For example, the electronic device may identify the location (e.g., 3D spatial information) of the listener, the location (e.g., 3D spatial information) of the object audio, the speed of the object audio, and the like, using metadata. The electronic device may calculate the distance between the listener and the object audio, using the location of the listener and the location of the object audio.

The size of an audio signal to be transmitted to the listener may vary depending on a distance between an audio source (e.g., the location of the object audio) and the listener. For example, in general, the loudness of a sound transmitted to a listener located one meter away from an audio source may be smaller than that of the sound transmitted to a listener located two meters away from the audio source. In a free field environment, the loudness of a sound may decrease at a rate of 1/r (where “r” denotes a distance between an object audio and a listener). In this case, when the distance between the source and the listener is doubled, the loudness of the sound heard by the listener (i.e., a sound level) may decrease by approximately 6 decibels (dB).

The laws associated with attenuation in distance and sound loudness (or size) may be applied in a 6DoF VR environment. The electronic device may use a method of reducing the size of an object audio signal when it is far away from a listener and increasing it when the distance therebetween decreases.

For example, in a case in which a sound pressure level of a sound heard by a listener one meter away from an audio object is OdB, changing the sound pressure level to −6dB when the listener becomes two meters away from the object may provide a sense of the sound pressure level naturally decreasing.

For example, when the distance between the object audio and the listener is greater than the minimum distance and less than the maximum distance, the electronic device may determine the gain of the object audio according to Equation 1 below. In Equation 1 below. “reference distance” denotes a reference distance, and “current_distance” denotes a distance between an object audio and a listener. The reference distance may refer to a distance at which the gain of the object audio becomes 0 dB, which may be set differently for each object audio.

For example, the metadata may include the reference distance of the object audio.


Gain[dB]=20 log(reference_distance/current_distance)  [Equation 1]

The electronic device may determine the gain of the object audio according to the distance, in consideration of the air absorption effect. The medium attenuation may correspond to frequency-dependent attenuation of the sound source due to the geometrical energy spreading. The electronic device may modify an EQ field at the distance stage to model the medium attenuation by the air absorption effect. According to the medium attenuation, the electronic device may apply a low-pass effect to an object audio that is far away from a listener.

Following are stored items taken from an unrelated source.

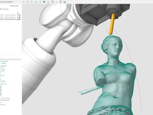All-in-one software (CAD+CAM+OLP) with integrated 3D scanning automates complex carving processes
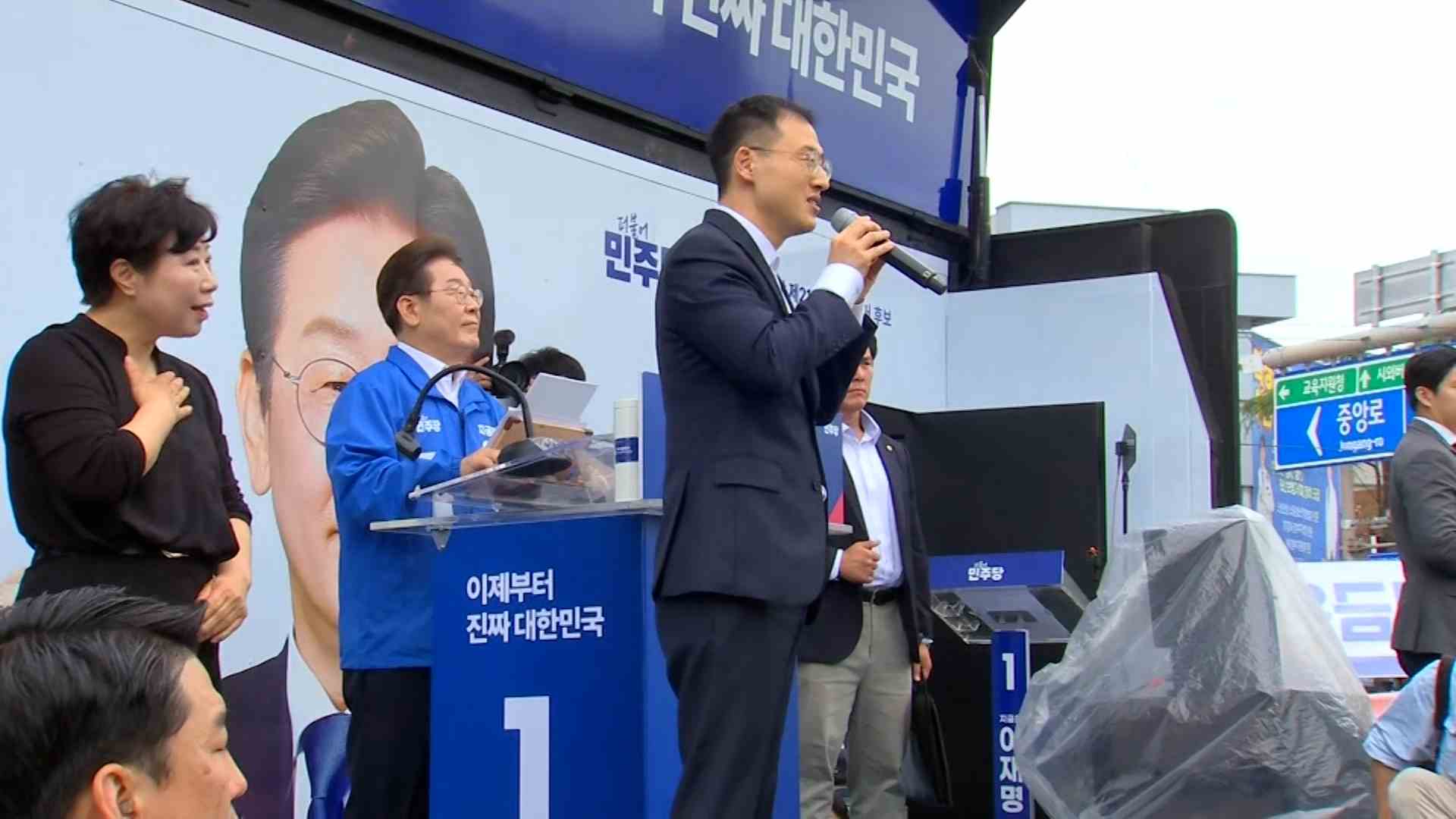 김상욱 의원은 오늘(5/16) 이재명 후보의 전북 익산 유세 현장으로 찾아가, 연단에서 이재명 후보와 포옹한 뒤 대통령 당선을 위해 최선을 다하겠다고 말했습니다.
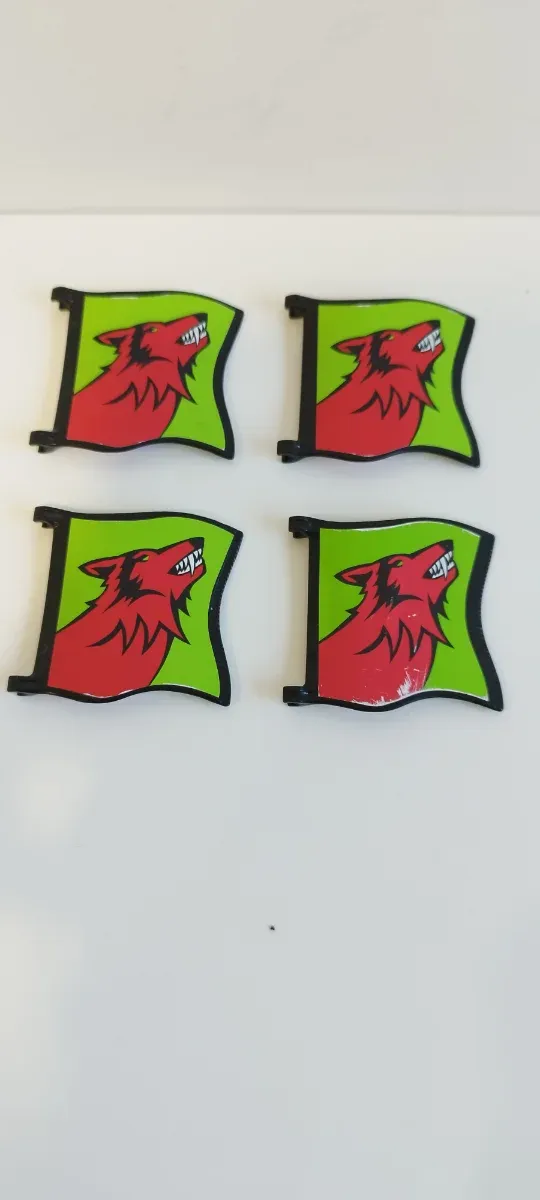 Detalles del productoLote set de 4 banderas de Playmobil con diseño de lobo rojo.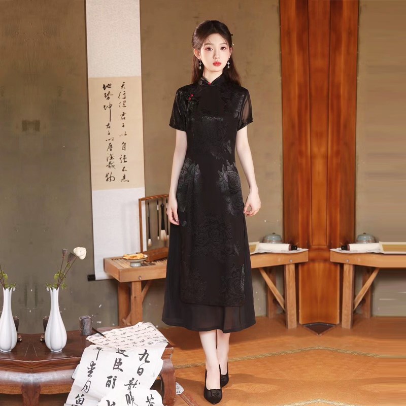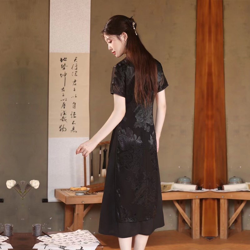 速发黑色旗袍奥黛改良式连衣裙小个子妈妈遮肚子日常年轻夏装高级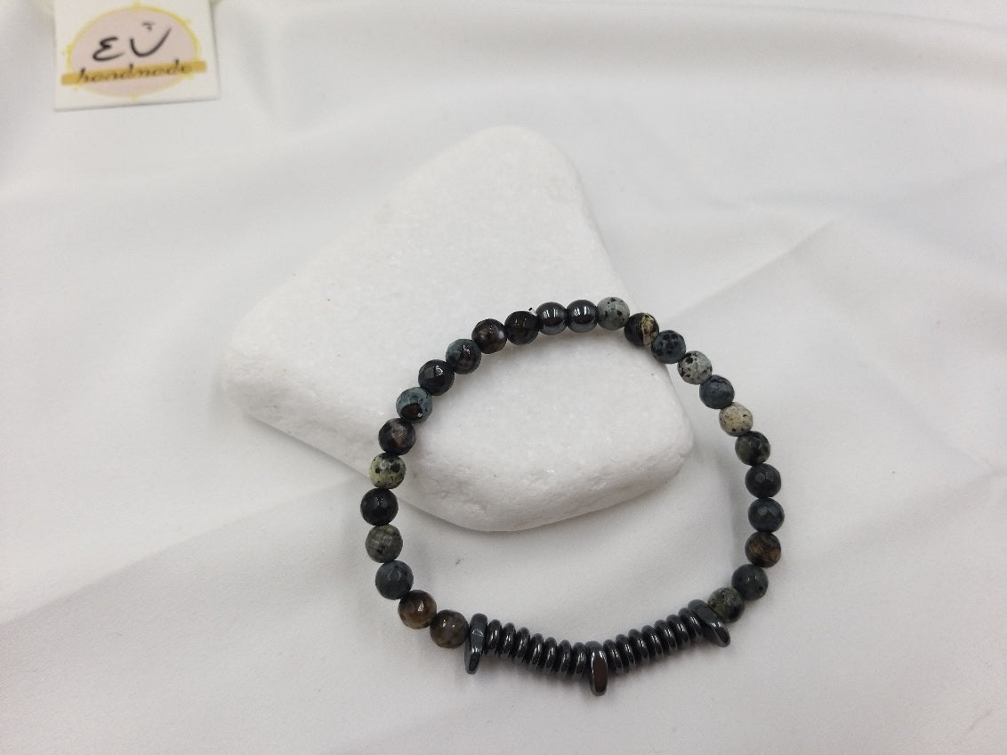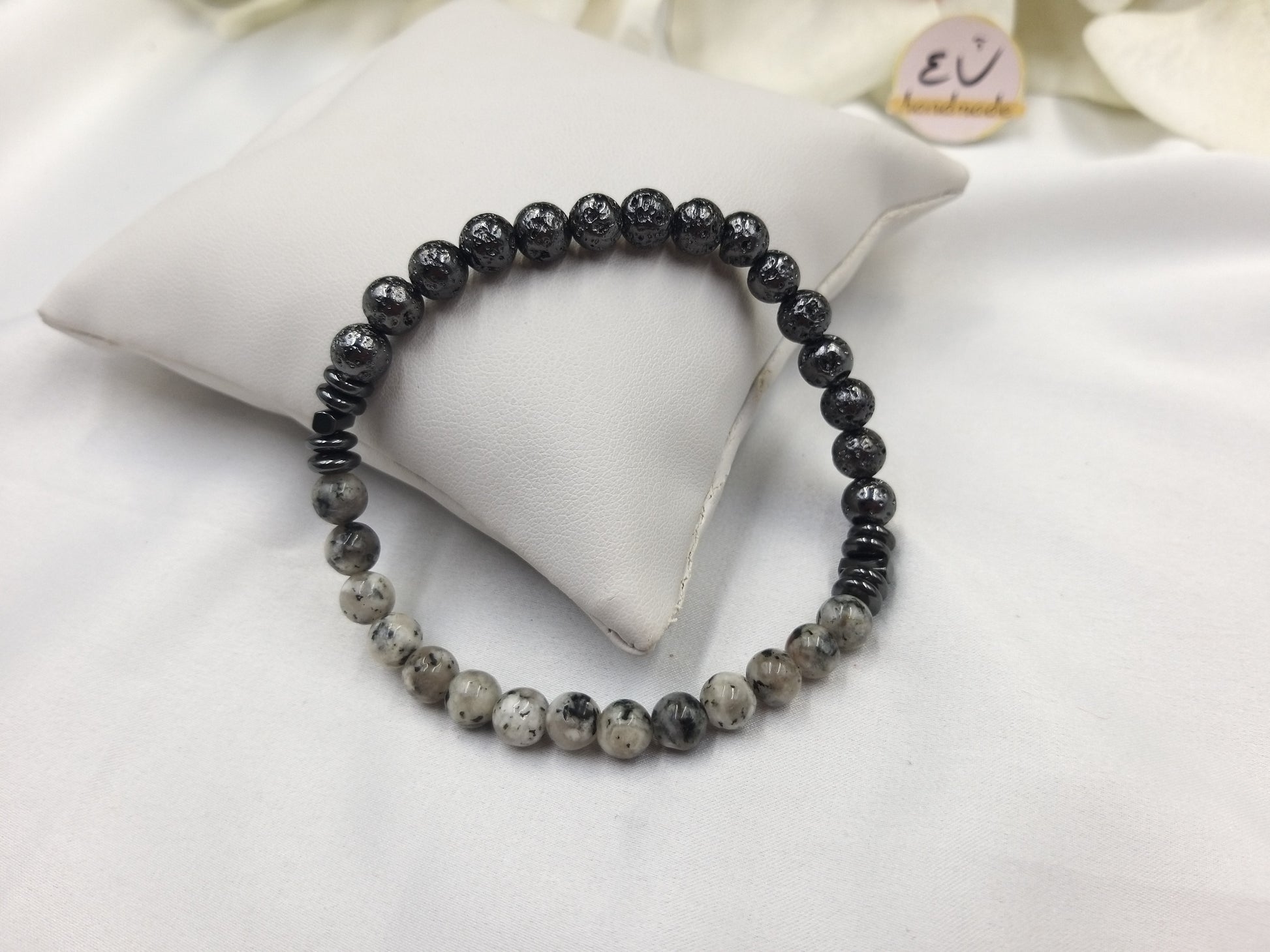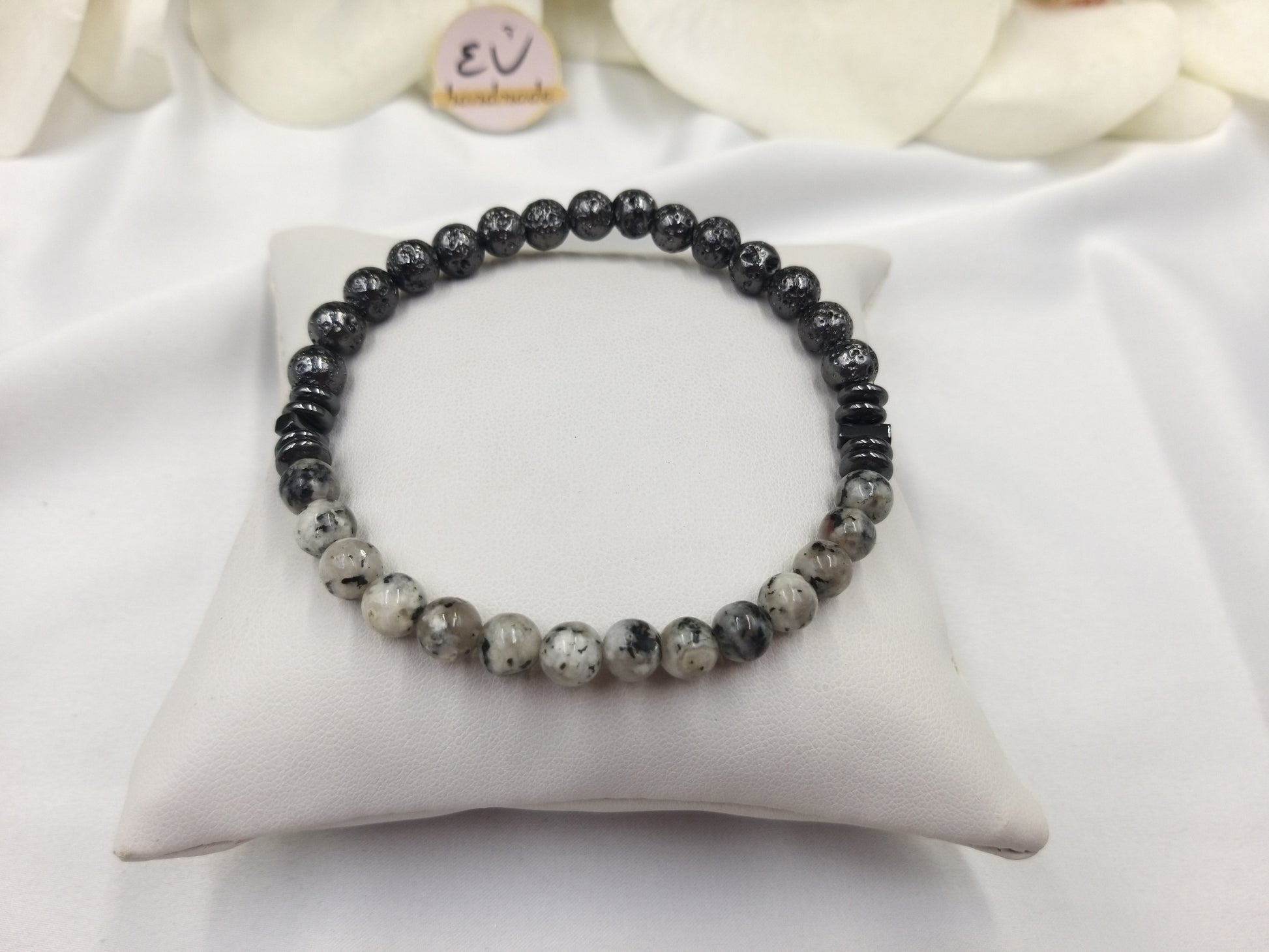 Χειροποίητο ανδρικό βραχιόλι με πέτρες γκρι αχάτη, ροδέλες φυσικού αιματίτη και πέτρες ανθρακί λάβας, δεμένο με ελαστική σιλικόνη.

Attenuation of the object audio by the air absorption effect may be determined differently for each frequency region of the object audio. For example, depending on the distance between the object audio and the listener, attenuation in a high-frequency region may be greater than attenuation in a low-frequency region. An attenuation rate may be defined differently according to an environment including, for example, temperature, humidity, and the like. When information such as temperature and humidity of an actual environment is not given or when an attenuation constant by air is calculated, attenuation by actual air absorption may not be accurately applied. The electronic device may apply attenuation of the object audio by distance, using parameters set for the air absorption effect included in the metadata.

FIG. 3 is a diagram illustrating an electronic device according to an example embodiment.

Referring to FIG. 3, an electronic device 300 may include a memory 310 and a processor 320. The electronic device 300 may be a renderer and may be implemented as one of various computing devices such as a smartphone, a tablet, a laptop, and a personal computer (PC), one of various wearable devices such as a smartwatch, smart glasses, and a smart ring, one of various home appliances such as a smart speaker, a smart television (TV), and a smart refrigerator, one of various means of transportation such as an autonomous vehicle and a smart vehicle, a smart kiosk, or an Internet of things (IoT) device, or be implemented as a part of such device.

The memory 310 may store various pieces of data used by at least one component (e.g., the processor 320 or a sensor module) of the electronic device 300. The various pieces of data may include, for example, software (e.g., program) and input data or output data for a command related thereto. The memory 310 may include, for example, a volatile memory or a non-volatile memory.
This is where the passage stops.